Stored records |
━━━━━━━━━━━━━━━━━━━━
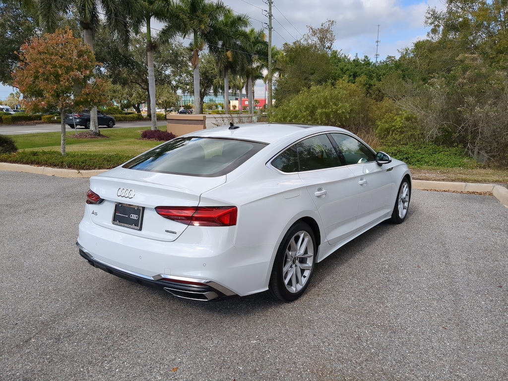 Pricing excludes tax, tag, title and pre-delivery service fee of $999 and private tag agency fee of $24.40. *See below for details..Carfax 1 Owner!..Audi Certified!..This All Wheel Drive A5 Sportback Premium S-Line includes Convenience Package with a Backup Camera System..Audi Side Assist Blind Spot Warning..Rear Cross Traffic Alert..Lane Departure Warning..Adaptive Cruise Control with Traffic Jam Assist..Audi Active Lane Assist..Audi Pre-Sense Basic..Audi Pre-Sense City Forward Collision Warning and Avoidance System..Audi Smartphone Interface with Wireless Apple Carplay and Android Auto..Satellite Radio and USB Ports..Bluetooth for Phone and Audio..10" Touchscreen..Front/Rear Park Assist Sensors..Power Panoramic Sunroof..18" Alloy Wheels..3-Zone Climate Control..Audi Connect Wi-Fi System..Power Adjustable, Heated Sport Leather Seats..Power Tailgate..Matrix-Design LED Headlamps..2.0L 261 HP 4 Cylinder Turbo with a 7 Speed Automatic Transmission..All power equipment and much more..Call Our Sales Team Now at 941-922-0000 for More Info, a Test Drive Appointment or to have a Custom Video Emailed or Sent to your Smartphone on this Car..Fast Out of State Shipping Available!..Over 125 components are inspected by Audi trained technicians to ensure each Audi Certified pre-owned vehicle is in optimal condition. Only after this comprehensive dealer inspection are we confident in backing the vehicle with our Audi Certified pre-owned Limited Warranty, which is more than a seal of approval, it's a badge of honor. When the Audi New Vehicle Limited Warranty expires, the Audi Certified pre-owned Limited Warranty becomes effective and provides coverage for a period of one year or 20,000 miles, whichever occurs first. (See dealer for details)..What the reviews say...The 2024 Audi A5 range blends svelte style with turbocharged punch and a high-tech cabin. The 2024 Audi A5 can be an SUV alternative in Sportback form. Sportbacks also earn a nod for their huge 22 cubic-foot trunks, which nearly double in size with the rear seatbacks folded. Consider how often you really need to haul a tall object, since the A5 Sportback has plenty of room for suitcases. Junior A7 style points, premium driving experience, hatchback practicality. An A5 for enthusiasts who have to have a sedan, the sleek Audi four-door hatchback swallows cargo and miles with equal deftness. The A5 Sportback four-door adds more practicality and better fuel economy to the list of winning ingredients that go into making the A5 coupe. That makes it easy to recommend to new-car shoppers and a shoo-in for our 2024 Editors' Choice awards. The Sportback variant uses an identical powertrain setup to the A5: a turbocharged inline-four bolted to a seven-speed dual-clutch automatic transmission and Quattro all-wheel drive. We'd also suggest the significantly more powerful 45 trim, its four-cylinder engine producing 261 horsepower versus the 40's 201. We haven't tested the newest model year yet. However, we called the last-generation engine that made 252 hp "one of the best of its ilk." We stand by that, and believe nine more horses is just a little more of a really good thing. In our tests, the previous-generation sedan got from zero to 60 mph in 5.0 seconds. The updated 45 trim should be similarly quick. The A5 Sportback starts with the supple, confident driving experience of the A5 coupe, then adds two more doors and extra luggage space.
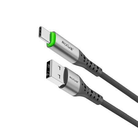 Rixus RXUC38AC Charging Cable USB-A To USB-C Braided Nylon 200CM Black
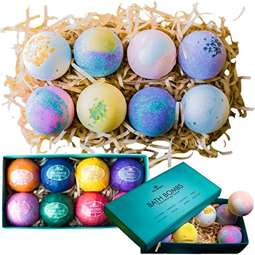 Each bath bomb kit comes with eight distinctive bath bombs that vary in color and scent to provide a different experience each time.
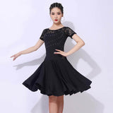 Heat up the stage with this modern latin dress. This knee-length dress features a crew neck, short sleeve. Made from polyester.
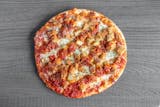 Red Sauce, crumbled spicy chorizo, banana peppers, and mozzarella cheese topped with a cilantro lime cream
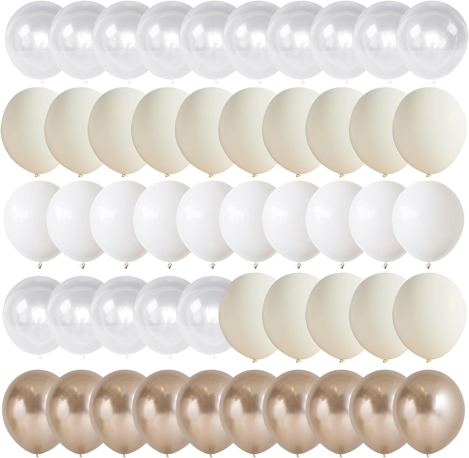 Nude White Gold Balloons, 60PCS Metallic Champagne Gold Cream White Clear Balloon White Sand Blush Beige Transparent Party Balloons for Birthday Boho Wedding Anniversary Engagement Hen Decorations
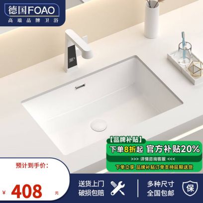FOAO 德国大容量平底台下盆卫生间方形洗脸盆石下盆陶瓷嵌入式洗手盆 24寸单盆(600*400*180), 26寸单盆(710*400*180)
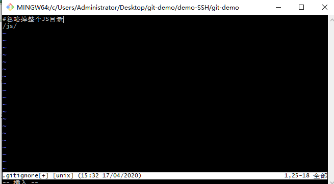 场景:在项目目录下有很多万年不变的文件目录,例如 CSS、js、images等,或者还有一些目录即便有改动,我们也不想让其提交到远程仓库的文档,此时我们可以使用“忽略文件”机制来实现需求。
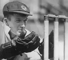 The following season, he played in the Country trials in Brisbane. He was selected for the Queensland Colts in 1932–33 and represented Queensland Country against Douglas Jardine's England cricket team during the Bodyline tour.[5] In England's innings of 376, Tallon conceded only five byes and stumped Herbert Sutcliffe, regarded as one of the finest batsmen in Test history.[3][4] He did not get a chance to display his batting prowess as the Bodyline spearhead Harold Larwood rattled him with a series of deliveries aimed at the throat,[4][6] before bowling him for two.[7] Tallon's fast and efficient skills behind the stumps further caught the eye of cricket officials in early 1933 at the Country Week Carnivals. Tallon distinguished himself with his tidy keeping to the express pace bowling of Eddie Gilbert, whose suspect action and indigenous heritage were later the subject of controversy.[4][6]
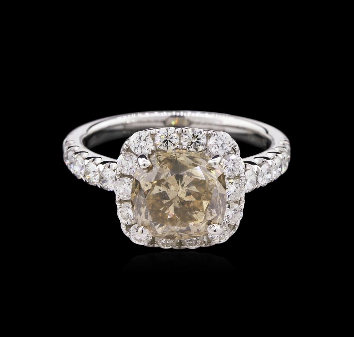One electronically tested 18KT white gold ladies cast diamond ring with a bright polish finish. Condition is new, good workmanship. The featured diamond is set within a diamond bezel supported by diamond set shoulders, completed by a two millimeter wide band. Trademark is Hana. Identified with markings of "18K". Containing: One prong set cushion cut diamond, measuring 8.38 x 7.98 x 6.06mm exact weight 3.14ct. GIA Colored Diamond Report attached. Graded loose for color prior to setting in the GIA Laboratory. Clarity: I-1. Color: Fancy Yellowish Brown. Depth: 76.0%. Table: 63.0%. Twenty-four prong set round brilliant cut diamonds approximate total weight of 24 Stones = 0.87ct. Graded in the setting. Clarity: SI-1 to SI-2. Color: G-H. Total Weight od Diamonds 4.01ct. Total Weight of Ring 4.63 grams. AIG Appraised at $30,340.00.
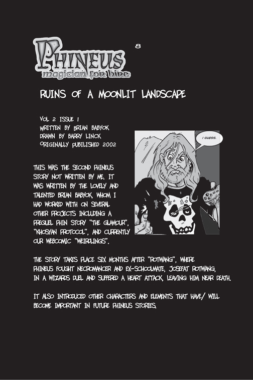 Phineus : Magician for Hire is the brainchild of creator Barry Linck. Phineus was created in 1987, of then a high school senior after reading too much of Matt Wagner's "Mage", too much Dungeon's and Dragon's and watching too much of John Carpenter's "Big trouble in LittleChina". Over the interviening years Phineus changed from angellic savior, to reluctant hero, to art student who finds he is a mage, until, in 1991, for a comic class at Edinboro University, he became part of a Husband and Wife paranormal investigations team, with Phineus' sidekick and wife Sara. Barry produced and self published from 1993 to the present 33 comics with our erstwhile heroes, garnering a small but rabid fan following. View all posts by phinmagic
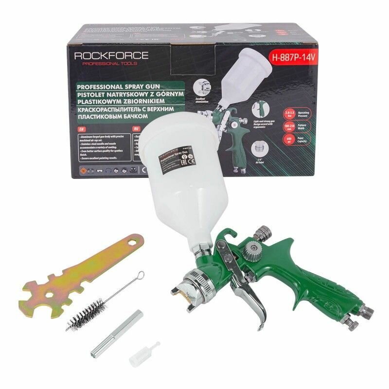 Купить Краскораспылитель c бачком 400 мл ROCKFORCE с доставкой по всей России. Краскораспылитель c бачком 400 мл ROCKFORCE: сравнение цен, характеристики, фото, актуальное наличие и цены.
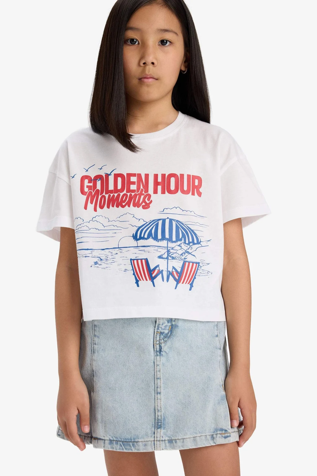 Kız çocuklar için boxy fit kesimli bisiklet yaka baskılı kısa kollu tişört, rahat ve şık bir günlük tercih. Yumuşak kumaşı ve canlı baskılarıyla miniklerin tarzını yansıtır.
━━━━━━━━━━━━━━━━━━━━
What the exercise asks | Output the entries exactly and keep every picture out of them.

Expected answer |
 Pricing excludes tax, tag, title and pre-delivery service fee of $999 and private tag agency fee of $24.40. *See below for details..Carfax 1 Owner!..Audi Certified!..This All Wheel Drive A5 Sportback Premium S-Line includes Convenience Package with a Backup Camera System..Audi Side Assist Blind Spot Warning..Rear Cross Traffic Alert..Lane Departure Warning..Adaptive Cruise Control with Traffic Jam Assist..Audi Active Lane Assist..Audi Pre-Sense Basic..Audi Pre-Sense City Forward Collision Warning and Avoidance System..Audi Smartphone Interface with Wireless Apple Carplay and Android Auto..Satellite Radio and USB Ports..Bluetooth for Phone and Audio..10" Touchscreen..Front/Rear Park Assist Sensors..Power Panoramic Sunroof..18" Alloy Wheels..3-Zone Climate Control..Audi Connect Wi-Fi System..Power Adjustable, Heated Sport Leather Seats..Power Tailgate..Matrix-Design LED Headlamps..2.0L 261 HP 4 Cylinder Turbo with a 7 Speed Automatic Transmission..All power equipment and much more..Call Our Sales Team Now at 941-922-0000 for More Info, a Test Drive Appointment or to have a Custom Video Emailed or Sent to your Smartphone on this Car..Fast Out of State Shipping Available!..Over 125 components are inspected by Audi trained technicians to ensure each Audi Certified pre-owned vehicle is in optimal condition. Only after this comprehensive dealer inspection are we confident in backing the vehicle with our Audi Certified pre-owned Limited Warranty, which is more than a seal of approval, it's a badge of honor. When the Audi New Vehicle Limited Warranty expires, the Audi Certified pre-owned Limited Warranty becomes effective and provides coverage for a period of one year or 20,000 miles, whichever occurs first. (See dealer for details)..What the reviews say...The 2024 Audi A5 range blends svelte style with turbocharged punch and a high-tech cabin. The 2024 Audi A5 can be an SUV alternative in Sportback form. Sportbacks also earn a nod for their huge 22 cubic-foot trunks, which nearly double in size with the rear seatbacks folded. Consider how often you really need to haul a tall object, since the A5 Sportback has plenty of room for suitcases. Junior A7 style points, premium driving experience, hatchback practicality. An A5 for enthusiasts who have to have a sedan, the sleek Audi four-door hatchback swallows cargo and miles with equal deftness. The A5 Sportback four-door adds more practicality and better fuel economy to the list of winning ingredients that go into making the A5 coupe. That makes it easy to recommend to new-car shoppers and a shoo-in for our 2024 Editors' Choice awards. The Sportback variant uses an identical powertrain setup to the A5: a turbocharged inline-four bolted to a seven-speed dual-clutch automatic transmission and Quattro all-wheel drive. We'd also suggest the significantly more powerful 45 trim, its four-cylinder engine producing 261 horsepower versus the 40's 201. We haven't tested the newest model year yet. However, we called the last-generation engine that made 252 hp "one of the best of its ilk." We stand by that, and believe nine more horses is just a little more of a really good thing. In our tests, the previous-generation sedan got from zero to 60 mph in 5.0 seconds. The updated 45 trim should be similarly quick. The A5 Sportback starts with the supple, confident driving experience of the A5 coupe, then adds two more doors and extra luggage space.
 Rixus RXUC38AC Charging Cable USB-A To USB-C Braided Nylon 200CM Black
 Each bath bomb kit comes with eight distinctive bath bombs that vary in color and scent to provide a different experience each time.
 Heat up the stage with this modern latin dress. This knee-length dress features a crew neck, short sleeve. Made from polyester.
 Red Sauce, crumbled spicy chorizo, banana peppers, and mozzarella cheese topped with a cilantro lime cream
 Nude White Gold Balloons, 60PCS Metallic Champagne Gold Cream White Clear Balloon White Sand Blush Beige Transparent Party Balloons for Birthday Boho Wedding Anniversary Engagement Hen Decorations
FOAO 德国大容量平底台下盆卫生间方形洗脸盆石下盆陶瓷嵌入式洗手盆 24寸单盆(600*400*180), 26寸单盆(710*400*180)
 场景:在项目目录下有很多万年不变的文件目录,例如 CSS、js、images等,或者还有一些目录即便有改动,我们也不想让其提交到远程仓库的文档,此时我们可以使用“忽略文件”机制来实现需求。
 The following season, he played in the Country trials in Brisbane. He was selected for the Queensland Colts in 1932–33 and represented Queensland Country against Douglas Jardine's England cricket team during the Bodyline tour.[5] In England's innings of 376, Tallon conceded only five byes and stumped Herbert Sutcliffe, regarded as one of the finest batsmen in Test history.[3][4] He did not get a chance to display his batting prowess as the Bodyline spearhead Harold Larwood rattled him with a series of deliveries aimed at the throat,[4][6] before bowling him for two.[7] Tallon's fast and efficient skills behind the stumps further caught the eye of cricket officials in early 1933 at the Country Week Carnivals. Tallon distinguished himself with his tidy keeping to the express pace bowling of Eddie Gilbert, whose suspect action and indigenous heritage were later the subject of controversy.[4][6]
One electronically tested 18KT white gold ladies cast diamond ring with a bright polish finish. Condition is new, good workmanship. The featured diamond is set within a diamond bezel supported by diamond set shoulders, completed by a two millimeter wide band. Trademark is Hana. Identified with markings of "18K". Containing: One prong set cushion cut diamond, measuring 8.38 x 7.98 x 6.06mm exact weight 3.14ct. GIA Colored Diamond Report attached. Graded loose for color prior to setting in the GIA Laboratory. Clarity: I-1. Color: Fancy Yellowish Brown. Depth: 76.0%. Table: 63.0%. Twenty-four prong set round brilliant cut diamonds approximate total weight of 24 Stones = 0.87ct. Graded in the setting. Clarity: SI-1 to SI-2. Color: G-H. Total Weight od Diamonds 4.01ct. Total Weight of Ring 4.63 grams. AIG Appraised at $30,340.00.
 Phineus : Magician for Hire is the brainchild of creator Barry Linck. Phineus was created in 1987, of then a high school senior after reading too much of Matt Wagner's "Mage", too much Dungeon's and Dragon's and watching too much of John Carpenter's "Big trouble in LittleChina". Over the interviening years Phineus changed from angellic savior, to reluctant hero, to art student who finds he is a mage, until, in 1991, for a comic class at Edinboro University, he became part of a Husband and Wife paranormal investigations team, with Phineus' sidekick and wife Sara. Barry produced and self published from 1993 to the present 33 comics with our erstwhile heroes, garnering a small but rabid fan following. View all posts by phinmagic
 Купить Краскораспылитель c бачком 400 мл ROCKFORCE с доставкой по всей России. Краскораспылитель c бачком 400 мл ROCKFORCE: сравнение цен, характеристики, фото, актуальное наличие и цены.
 Kız çocuklar için boxy fit kesimli bisiklet yaka baskılı kısa kollu tişört, rahat ve şık bir günlük tercih. Yumuşak kumaşı ve canlı baskılarıyla miniklerin tarzını yansıtır.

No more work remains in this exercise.